Сыновья генерала Гурьянова должны были закончить Суворовское училище и потом служить Родине — в этом с детства у них не было сомнений. После восьмого класса школы — Суворовское училище. После него Костя поступил на факультет западных языков военного инъяза, но по окончании вдруг взбрыкнул, сумел уволиться из армии по здоровью и пошел работать во Внешторг — уже тогда любил красиво пожить. А с перестройкой он двинул в бизнес. Никита же сдал экзамены в Высшую школу КГБ и надел на четыре года военную форму со связистскими — для конспирации — эмблемами на черных петлицах.

По распределению он попал в Седьмое управление — гэбэшную службу наружного наблюдения. Для выпускника с красным дипломом — не ахти какое достижение. С другой стороны — живая работа. Все контрразведчики проходили через этот этап — службу топтуном. Так что он не жаловался, он вообще не знал такого слова.

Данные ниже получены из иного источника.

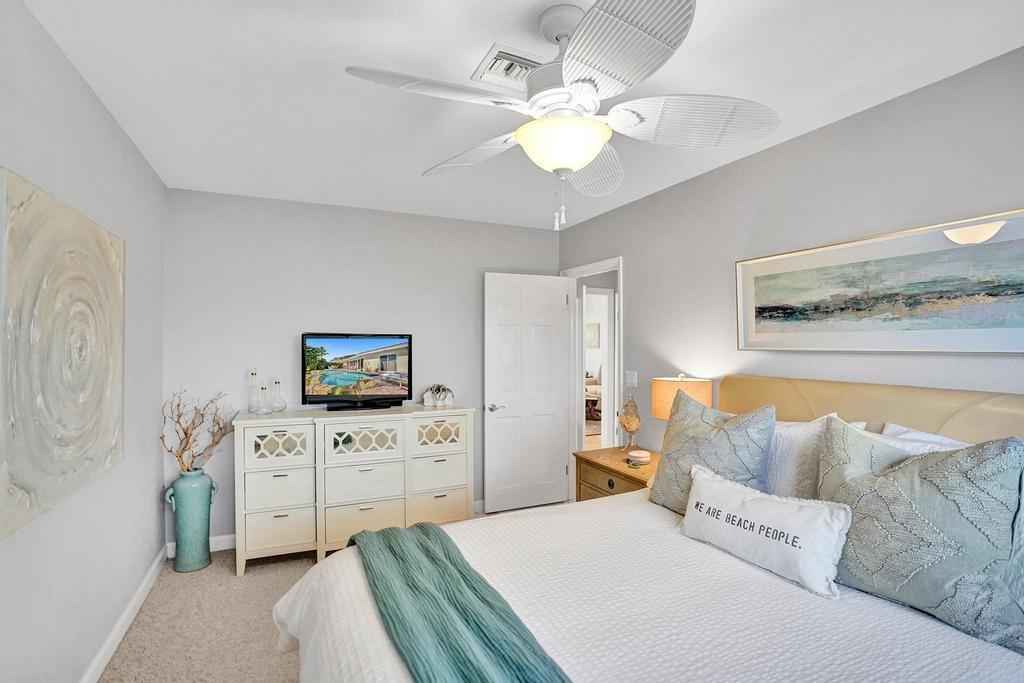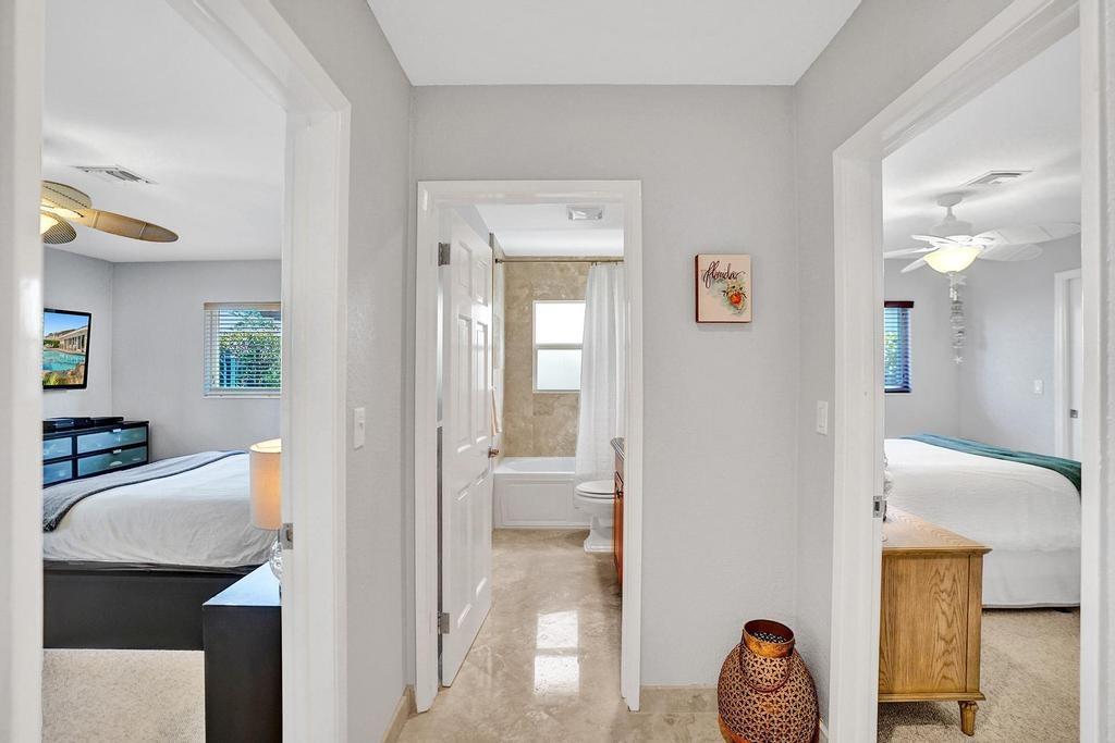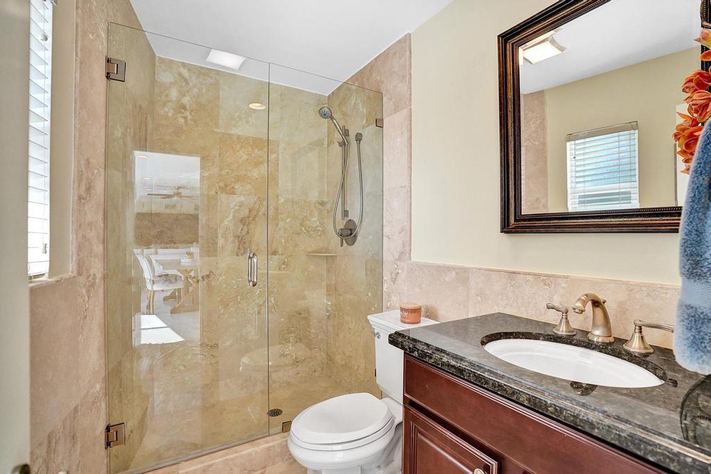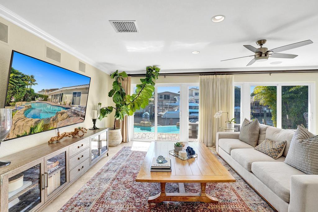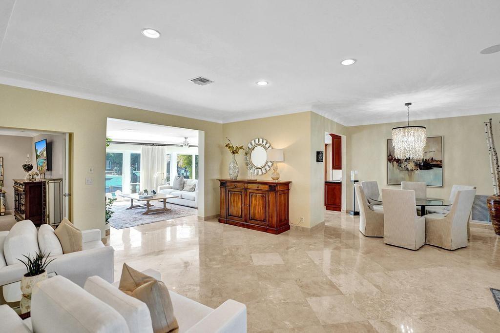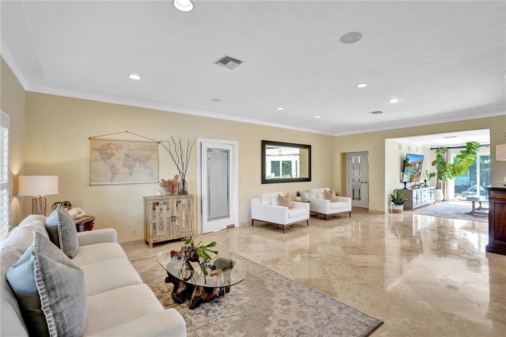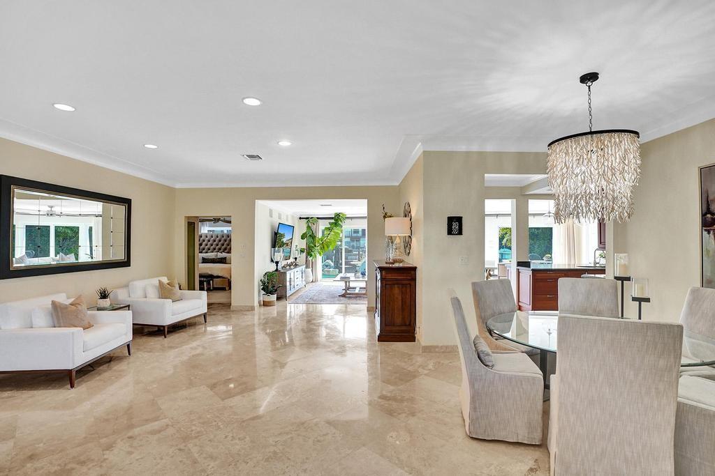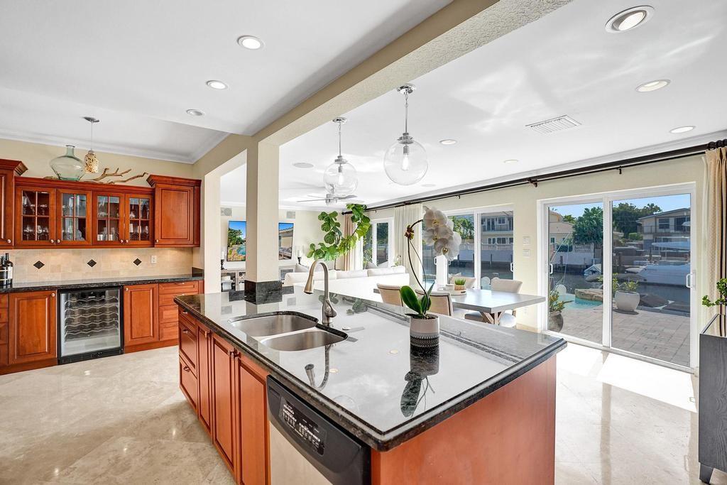 This home exudes the epitome of the South Florida lifestyle! Bright, open and beachy with a private infiniti pool, 80 feet along the wide, deepwater canal and beach access across the street. Hard to find 9 foot ceilings, stunning marble floors and impact windows and doors are a few of the special features. The floor plan has a perfect flow for entertaining with a large great room, 2 wine coolers, separate bar and coffee bar, large island and new 48" Kitchenaid refrigerator. Even the garage is outfitted with custom flooring and cabinetry and a new secondary refrigerator. Plus, a new A/C in 2020 and almost 9 ft. flood elevation. This is a stunning home in the single entry, secluded Bermuda Riviera neighborhood. Guard house has cameras and zoned for Bayview Elementary School disctrict!
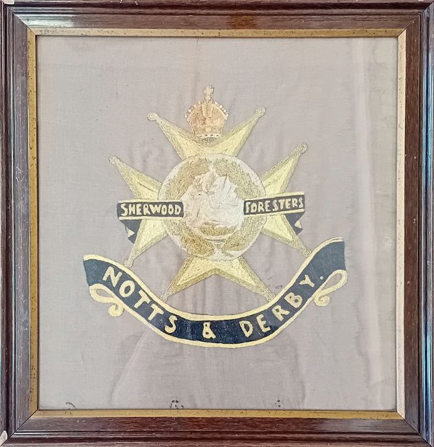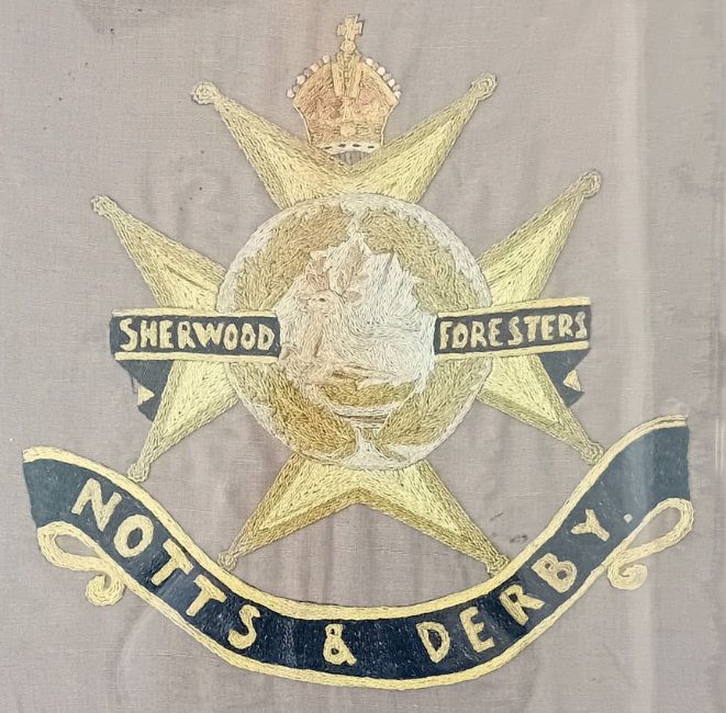 A large embroidered study of the Sherwood Foresters cap badge, completed by Pte. Arthur Elkington while at hospital in recovery after the Battle of the Somme, c.1916, framed and glazed, overall size 45cm x 44cm.
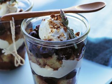 A csokiöntettel nem sok dolgod lesz, csak olvaszd össze a hozzávalóit. A diót pirítsd meg, és kezdheted is a rétegezést. Kerüljön minden pohárba piskóta, gesztenyés réteg, vaníliakrém, tejszínhab és csokiöntet is. Nem baj, ha nem lesz tökéletesen szép, ez egy rusztikus desszert, ami mindenképpen gyöngyörű a tetején a tejszínnel, a csokicsíkokkal és a pirított dióval.
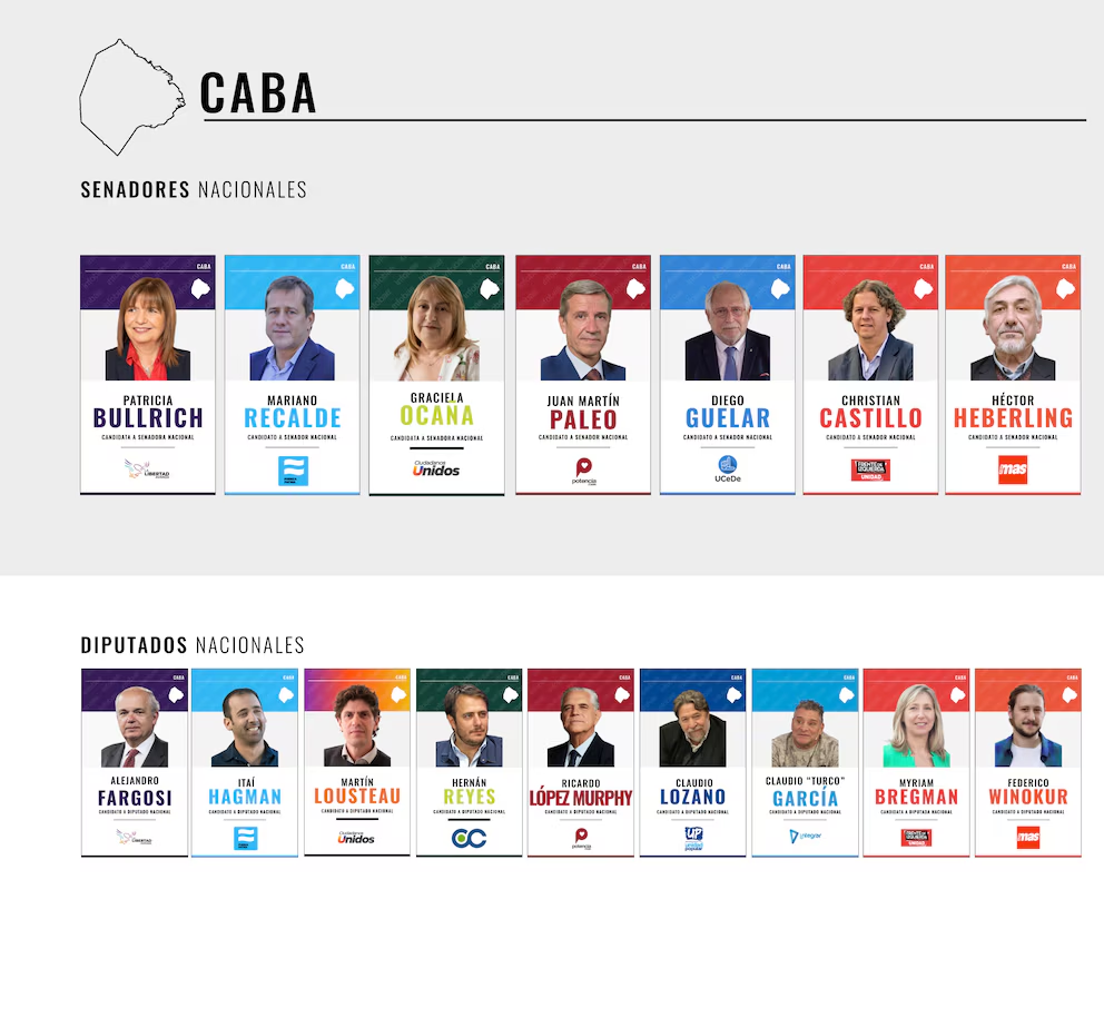 En tanto, Nicolás Del Caño (FIT), Florencio Randazzo (Provincias Unidas) y Santiago Cúneo (independiente) también competirán por una banca.
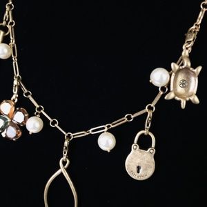 From the Heirloom Charm Collection. The Charm Short Necklace features several symbols of luck and longevity, including a jeweled clover, a wishbone, a whistle, a lock and a turtle, amid Swarovski-crystal pearl
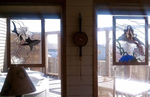 the moonstruck mermaid is owned by two artists who come to the home frequently to get inspiration for their glass and quilt art You will see examples of their art throughout the house. The home has hardwood and ceramic tile flooring with cedar ceilings and walls throughout. As soon as you walk thru the door into the gathering room of the home your shoulders will feel lighter. The Moonstruck Mermaid has both a living room and a gathering room with game table. Our guests have enjoyed being able to watch a movie in one room and listen to music in the other. We provide HBO, Showtime, Cinemax, and On Demand for those evenings when it feels so good to just kick back and be entertained. The gathering room has a cedar cathedral ceiling with three skylights; you can watch the moon travel across the evening sky thru the skylights. There is a wall mounted 50' HDTV with DVD player. This room also has a full size sleeper sofa that will comfortably sleep two, two leather recliners and a game table. Further there is a wet bar fully stocked with glassware, cocktail shakers, ice bucket, etc. Also there is a half bath off this room and an outside courtyard with morning sun.
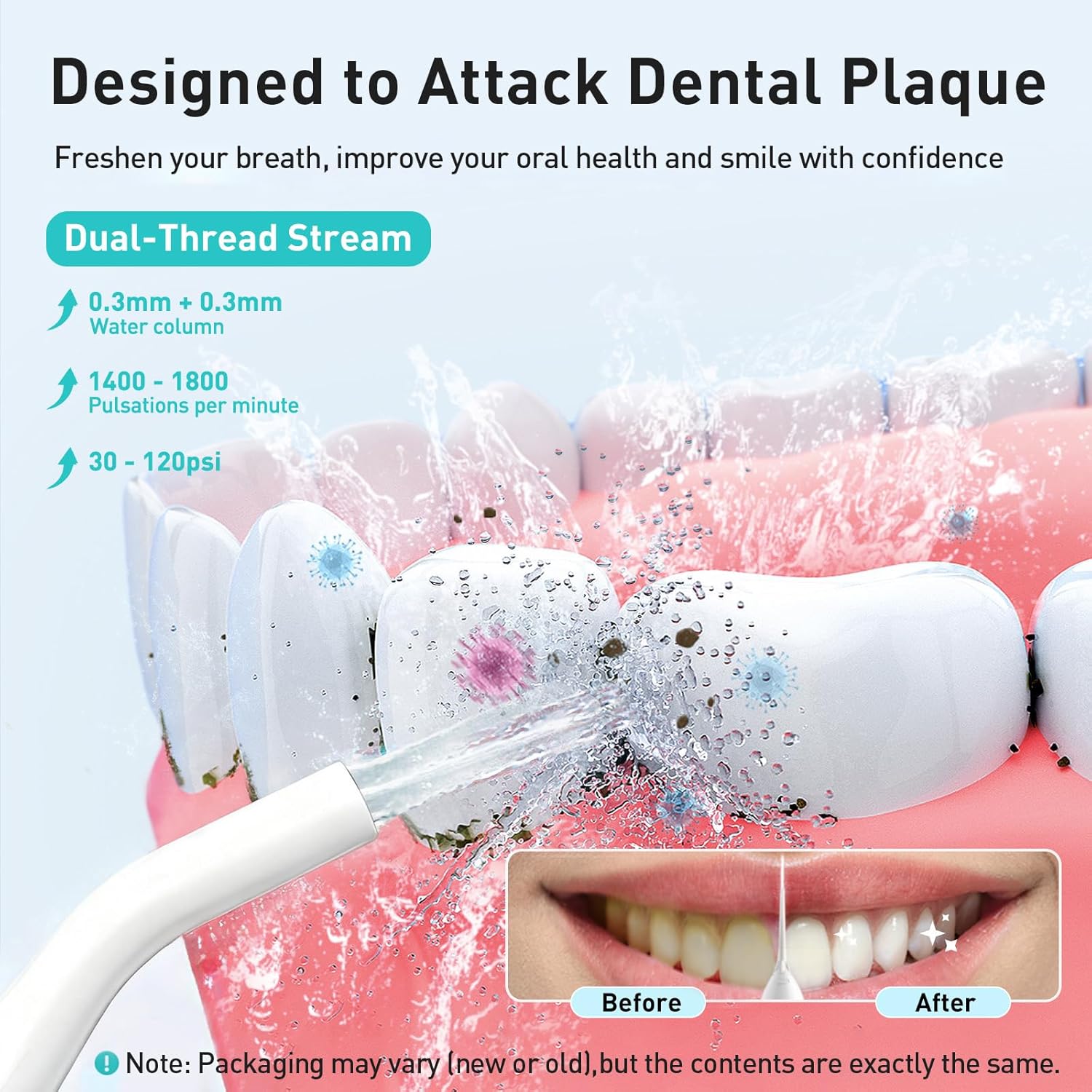تمیز کردن مؤثر برای دهانی سالمتر: واترجت COSLUS دارای فناوری پالس آب دو رشتهای فوقالعاده ظریف 0.3 میلیمتری+0.3 میلیمتری پیشرفته، ایمن و مؤثر است که توسط تیم تحقیقاتی ما طی سالها تحقیق و آزمایش کاربر واقعی توسعه یافته و به طور مداوم بهینه شده است. این دستگاه دندانپزشکی آبی، 1400-1800 پالس فشار بالا در دقیقه ارائه میدهد تا پلاک را هدف قرار داده و از بین ببرد و تمیزی کاملی را فراهم کند. این نخ دندان آبی همچنین دارای حالتهای عملیاتی متعدد و تنظیمات فشار چندگانه برای مطابقت با شرایط دهان و دندان و کاربران مختلف است.
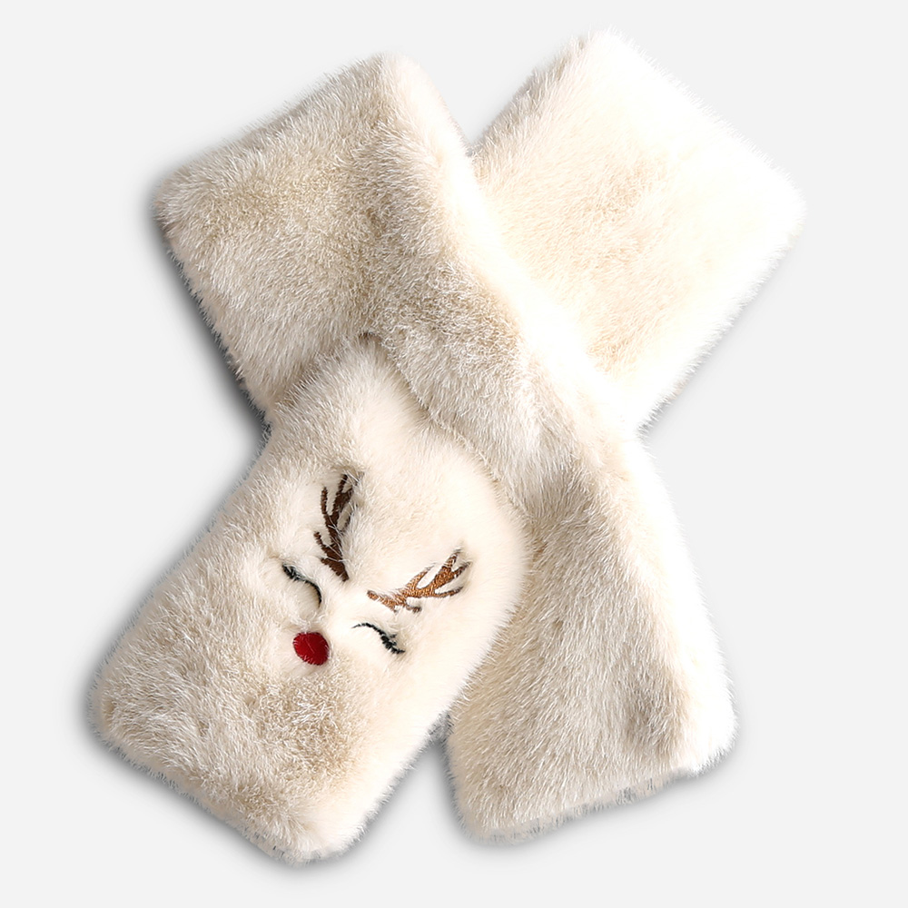 Faux Fur Plush Reindeer Embroidered Pull Through Scarf
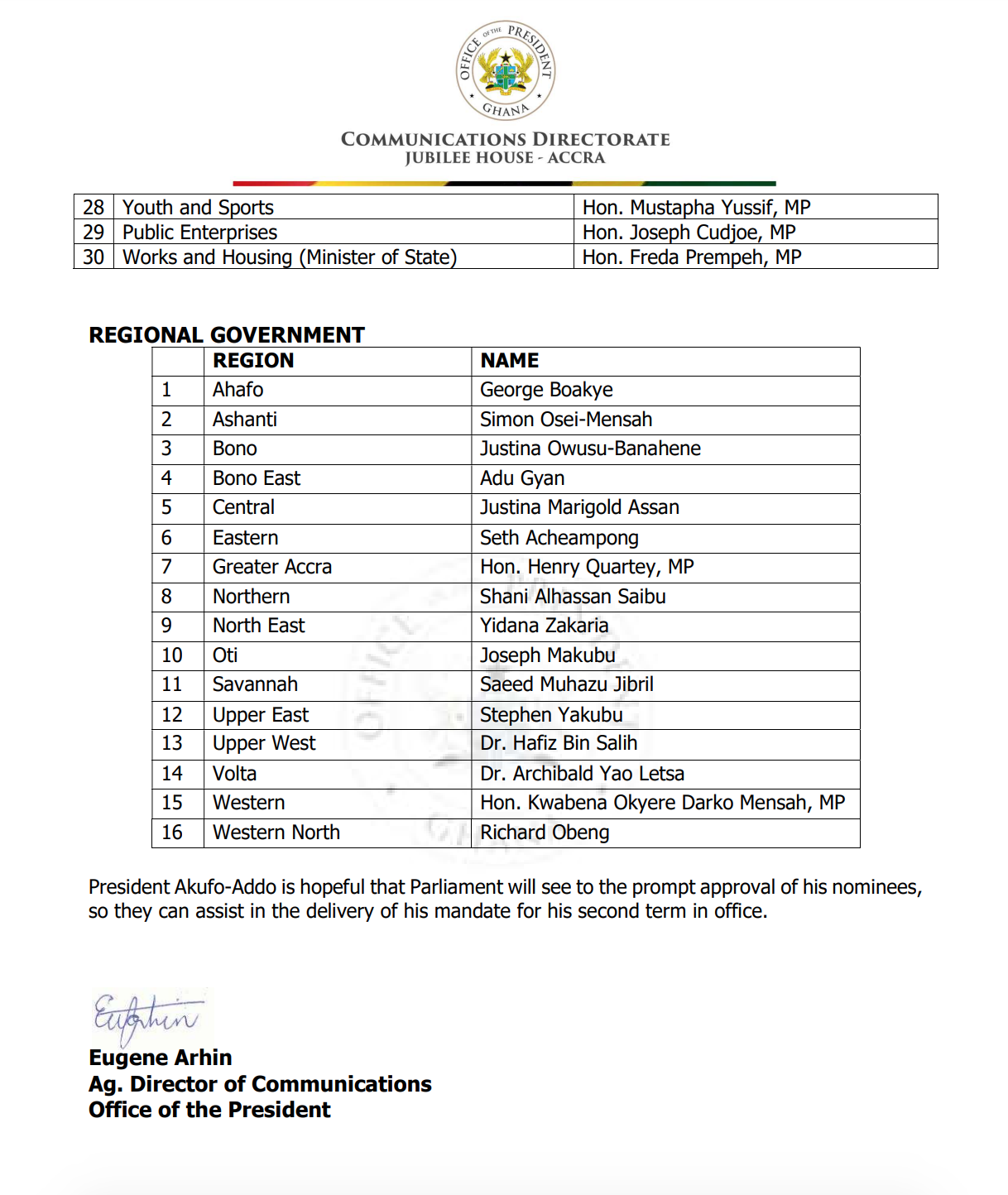In all, President Akufo-Addo has appointed 30 Ministers, and 16 Regional Ministers, bringing the total number of ministers to 46.

Работа оказалась даже чересчур живая. Топтали за валютными ворами, за казнокрадами, за сотрудниками резидентур из московских посольств. Запомнилось, как брали агента ЦРУ, причинившего России гигантский ущерб. Тогда сплоховали оперативники Второго Главного управления КГБ, и тот успел проглотить ампулу с ядом.

«Фирма» работала как часы. Одного за другим выявляли западных агентов. КГБ держало под плотным колпаком противника. И противник уважал фирму. Американцы и англичане признавали, что работать в России крайне тяжело. Что в России лучшая контрразведка мира.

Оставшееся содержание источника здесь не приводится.